Of all the tech hijinx I covered while writing for Valleywag (missu), Facebook’s always felt the least inspired. Even in 2006, when Valleywag launched and when Facebook had just barely made itself available to anyone outside an Ivy, there was something antiseptic about it that felt so fundamentally disconnected, like whoever had built it had forgot that their business was actually on the wild, wooly internet.
Of course, it wasn’t. Facebook was in the business of our offline lives, and “frictionless” (right) sharing thereof: the business of generating wealth from and never really for its users.
Except. Except the users under its own roof. In the most recent Dissent, I look at Katherine Losse’s The Boy Kings, her excellent memoir of her time working as one of the first women at Facebook, as a way back into understanding that time, grafted onto my own overlapping years spent in San Francisco, and pointed at the question of, what really makes Facebook go and yet who is still least valued by Facebook but women?
Facebook, we know now, was never meant to be the product; we, its users were. Without us, the “product” would be worthless. Zuckerberg understood this in 2003, when he created the proto-Facebook site Facemash, built from photos of Harvard University women—Zuckerberg’s classmates and peers—and presented to users—presumed to be Harvard men—to vote on their attractiveness. In a Harvard Crimson story published after Zuckerberg beat an expulsion rap for violating students’ privacy in launching Facemash, two campus groups are reported to have opposed the site publicly: Fuerza Latina and the Association of Harvard Black Women. Zuckerberg changed course slightly, creating a site where he would not need to scrape photos off a server. We’d give them to him.

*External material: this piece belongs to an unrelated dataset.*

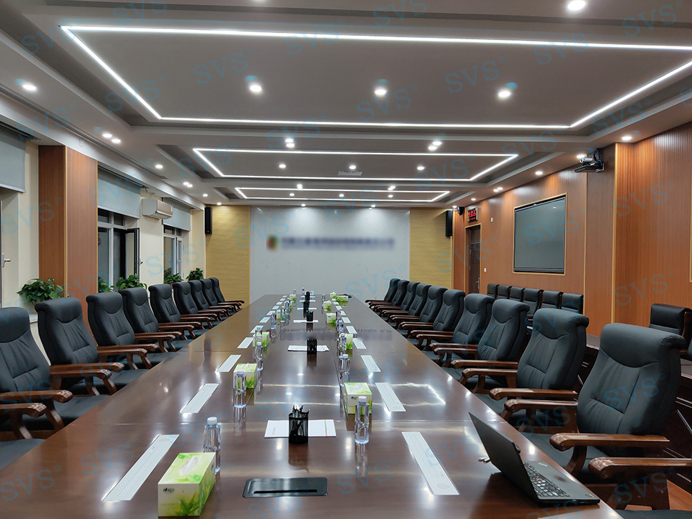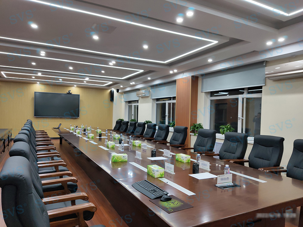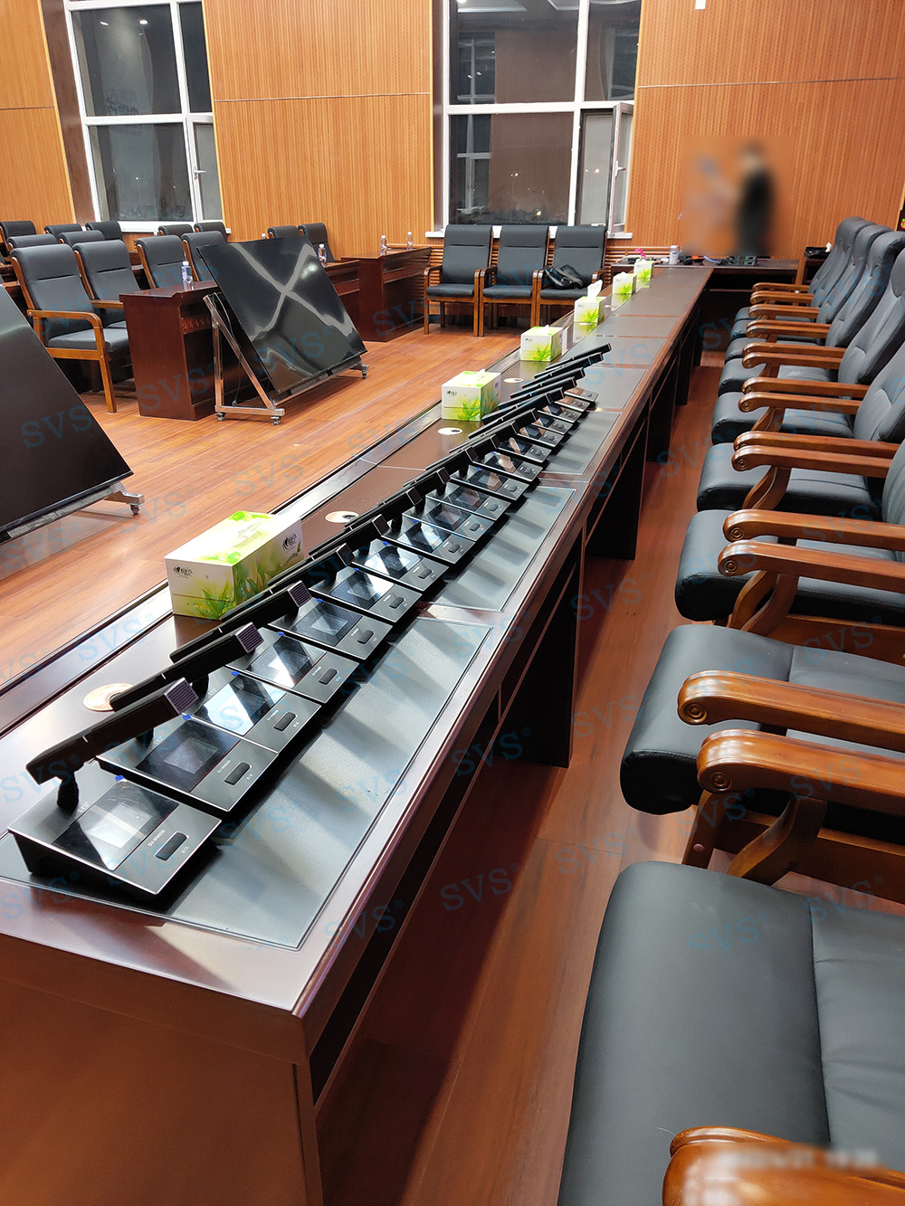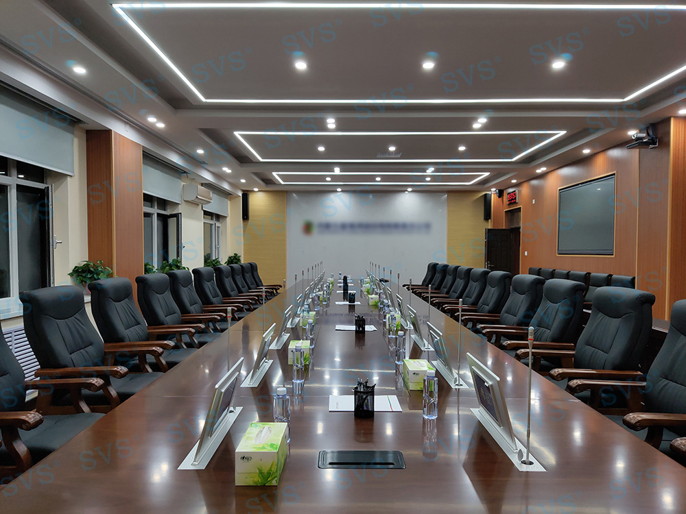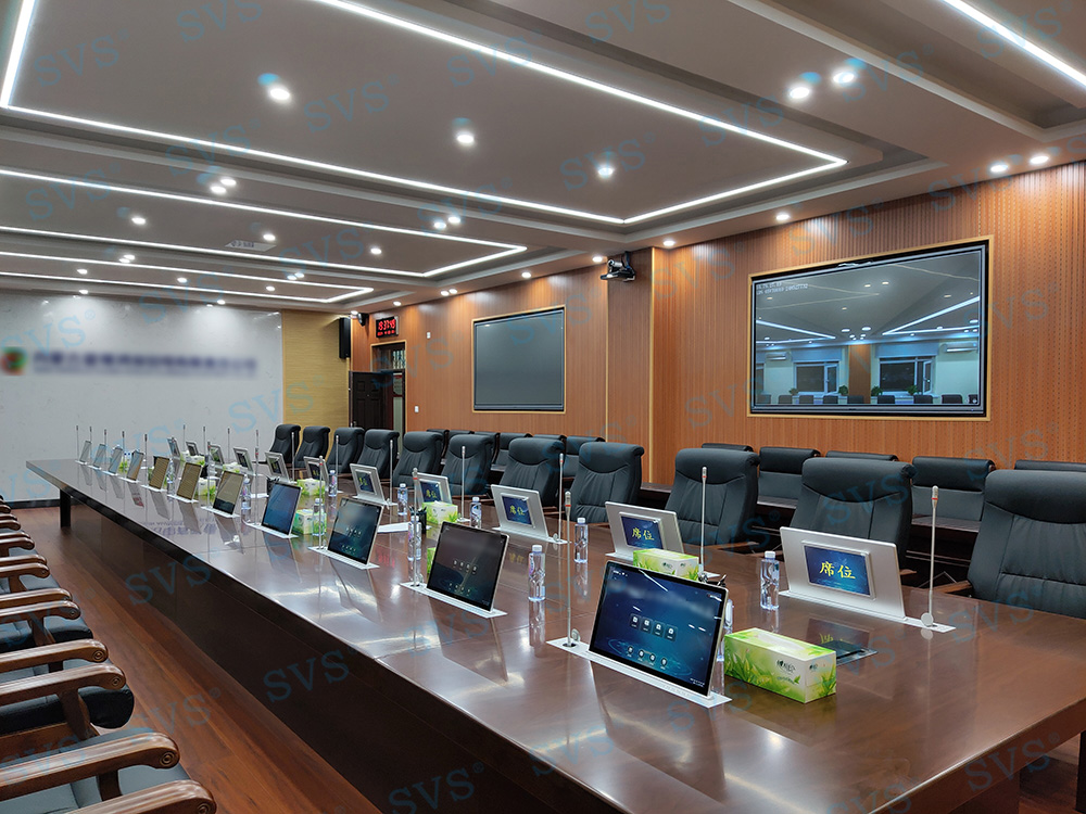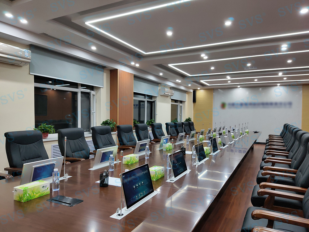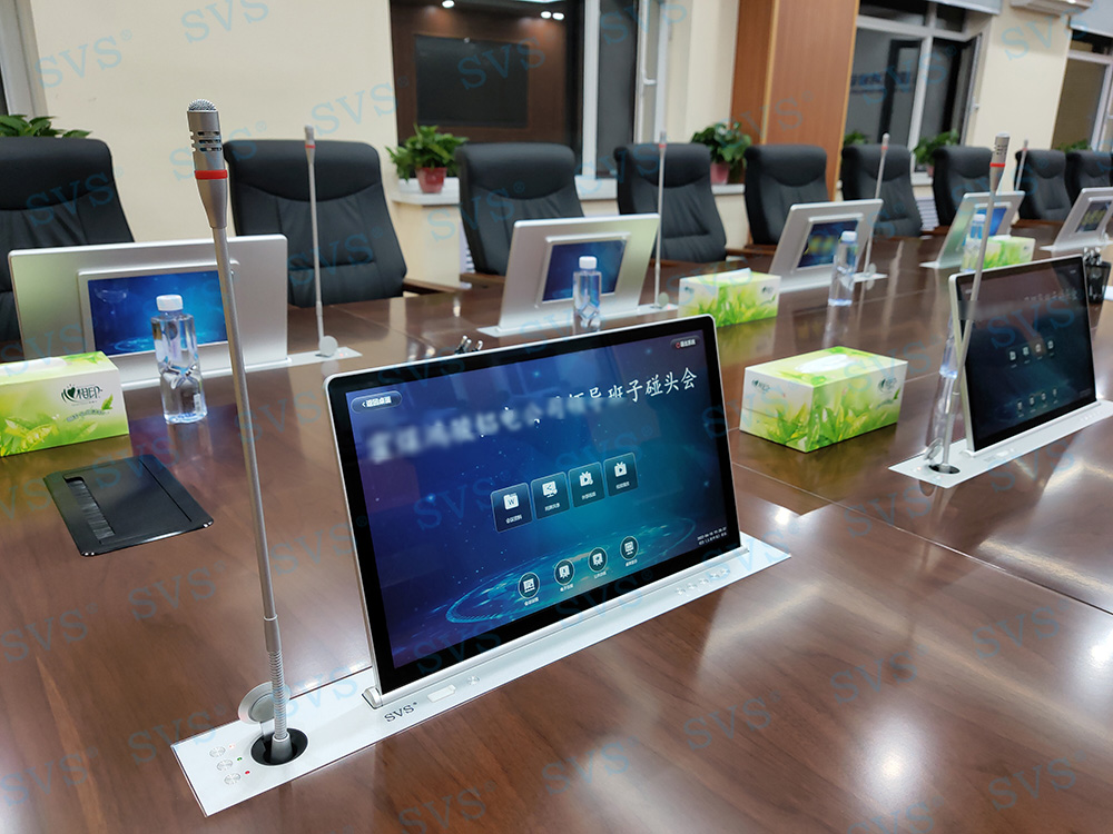 ,近日SVS为某公司打造无纸化会议室,SVS根据会场实际情况以及用户需求设计了一套智能无纸化会议室解决方案。其中亮点为迅控旗下带话筒液晶屏升降器SV-LCD17(A1/B1),该产品屏机联体,主副双面屏显示、发言麦克风结构一体化设计;显示屏和发言麦克风均可独立电动升降。另搭配无线发言单元SV-WM92A/B,采用可拔插式超短咪杆,美观精致,单元内置2.4英寸彩色显示屏,显示发言单元电量、ID、当前信道和发言时计算等信息,支持摄像跟踪功能,具有发言单键与指示灯,可自由控制发言状态。整体效果获得现场一致好评。

Losse herself was an early Facebook adopter, during the fall of her last year at Johns Hopkins when Facebook launched on her campus. Prior to using Facebook, she never associated her online activities with her legal name. “For women,” she writes, “there is no value in putting yourself online and offering yourself to strangers.” But women have long found ways to reap this worth for themselves, whether as fashion bloggers, porn stars, or attractive TED speakers. In performing some version of themselves online, pseudonymous or not, these women have earned their reputations and their rent.

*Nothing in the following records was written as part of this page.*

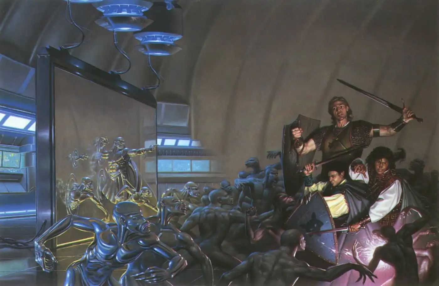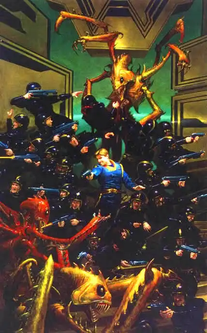 Это вроде иллюстрации с обложек книг, одну узнал "Армагедон" Злотникого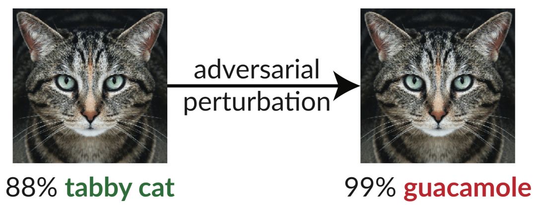 基于神经网络的分类器通常被用于图像分类,它们的水平通常接近人类。但是,这些相似的神经网络特别容易受到对抗样本和细微的干扰输入的影响。下图是一个典型的对抗样本,对原图增加一些肉眼看不见的扰动后,InceptionV3分类器把猫分类成了鳄梨酱。根据Szegedy等人2013年的研究显示,这种“愚蠢的图像”仅用梯度下降法就能合成,这类发现为物体检测研究敲响了警钟。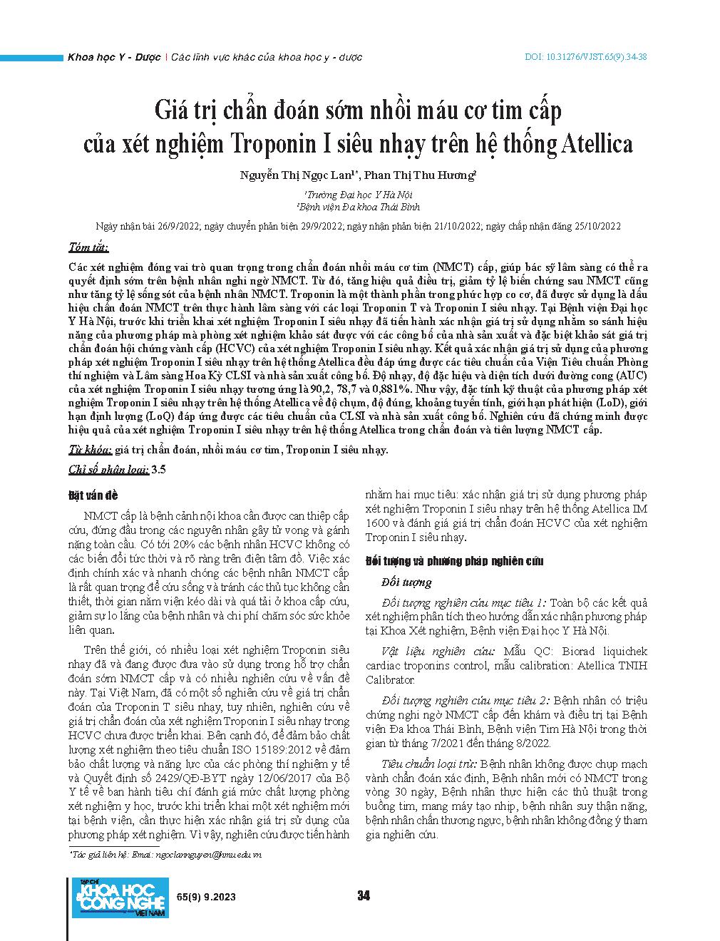 Giá trị chẩn đoán sớm nhồi máu cơ tim cấp của xét nghiệm Troponin I siêu nhạy trên hệ thống Atellica = The value of early diagnosis of acute myocardial infarction of the high-sensitivity Troponin I assay on the Atellica analyzer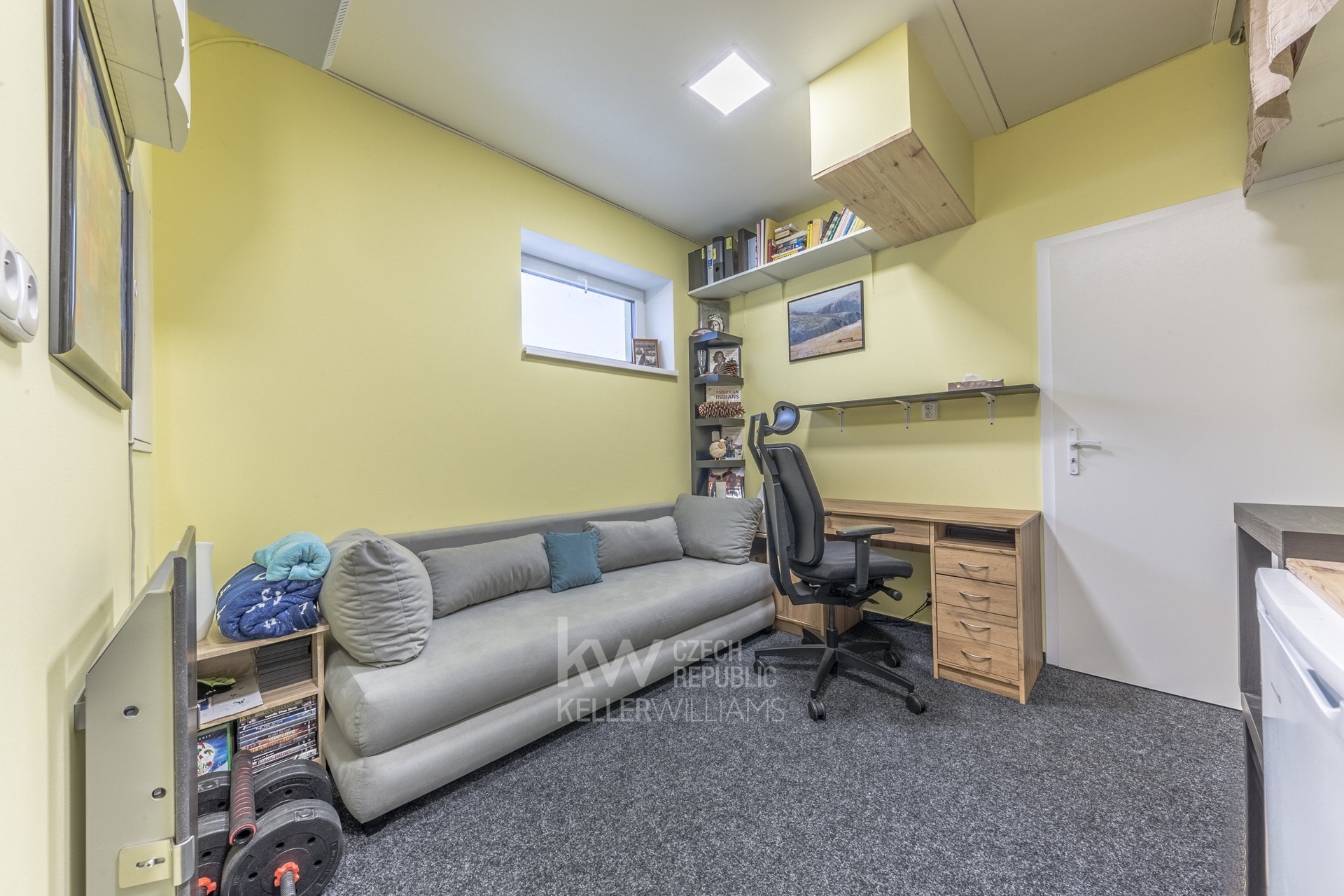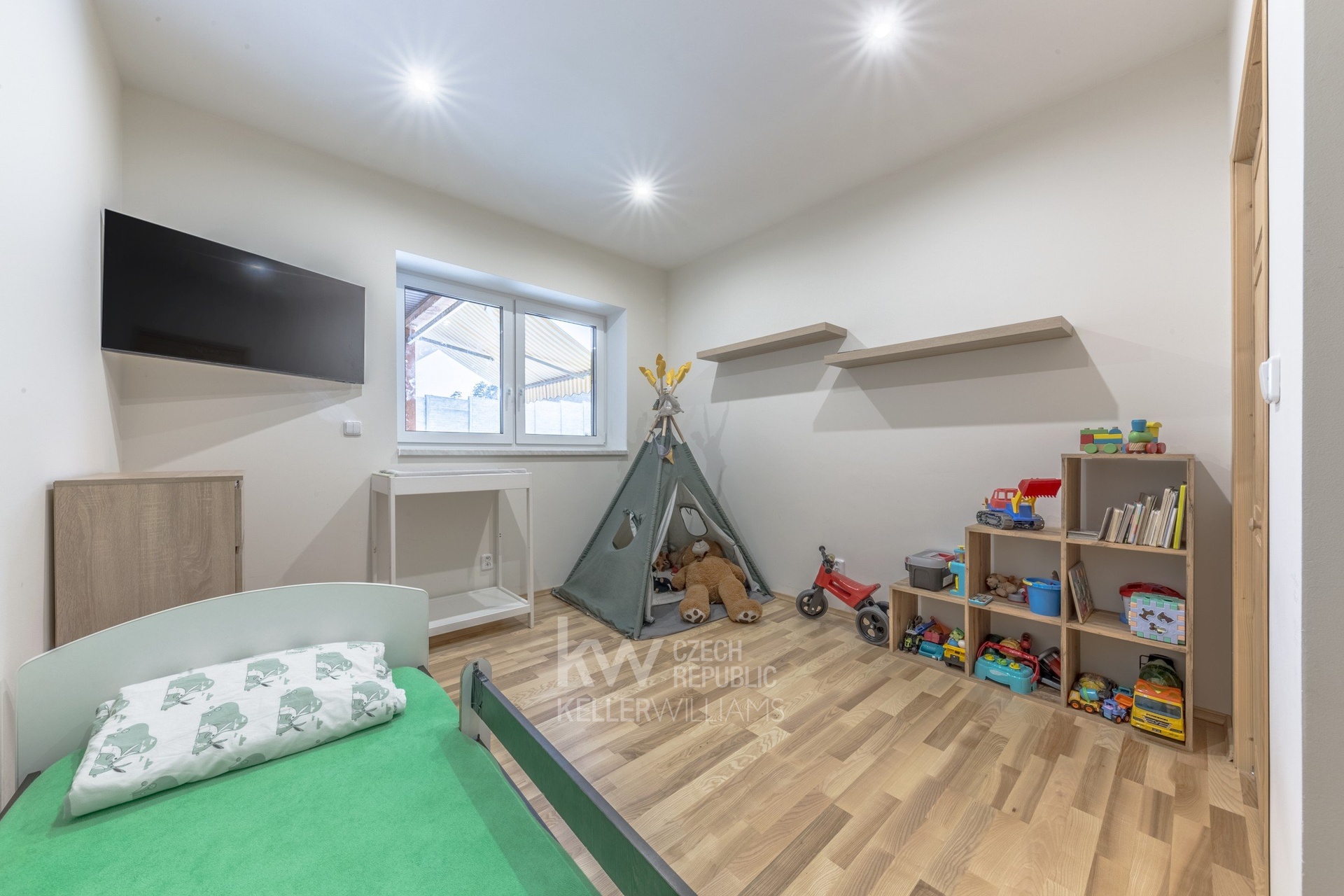 V klidové části domu naleznete hlavní ložnici, která nabízí skutečný luxus v podobě přímého vstupu k bazénu. Rannímu plavání tak nestojí nic v cestě. Dále je zde útulný dětský pokoj a pracovna (vznikla částečnou úpravou garáže), dvě elegantní koupelny a technická místnost.

Bonus extended mix if you want to time machine with me: the two Valleywag stories referenced in the essay, on photo-sharing site Zivity and the perils of “Girl Geek” networking.
Thanks to Sarah Leonard, the excellent editor on this, which appears as part of a feature section, The New Feminism, in the magazine and online. You can read her essay on gendered labor and Marissa Mayer in the new Jacobin. Another great pairing for the piece is Sarah Jaffe’s “Cost to Connect,” at Rhizome, which we were writing over the same weeks, and I dig the overlaps in all these very much. You should also see some influence from Sarah Jaffe’s piece in this same issue of Dissent, on being on strike from feminism:
Whether it’s City Council speaker Christine Quinn in New York City blocking paid sick days or Marissa Mayer taking the helm at Yahoo or Shannon Eastin taking the job of a locked-out worker for less money, we have to recognize that some first steps are taken on the backs of workers, many of whom are also women.
And so we are at this point, where all too many feminists see “saving” sex workers as an appropriately feminist activity but not walking a picket line with striking teachers or nurses or hotel housekeepers. When Dominique Strauss-Kahn was accused of raping Nafissatou Diallo, a hotel housekeeper, feminists rallied to her defense, but that support hasn’t led to increased support for hotel worker unions even as Hyatt hotel workers engage in a nationwide boycott, even though UNITE HERE, the hotel workers’ union, supported Diallo and protects workers like her from being fired for speaking out against abuse. Instead, it led to too many swoons over Christine Lagarde, who took Strauss-Kahn’s place at the International Monetary Fund.
As long as feminists are lauding the ascension of women to boardrooms for equality’s sake and not questioning what happens in those boardrooms, true liberation is a long way off.
The biggest thanks of all, of course, go to Kate Losse for her very sharp book. Besides the tech and boys and fame she made me want to write about San Francisco again, the barely bygone years between 2005 and 2009 – which she absolutely nails, cameras in the air and all.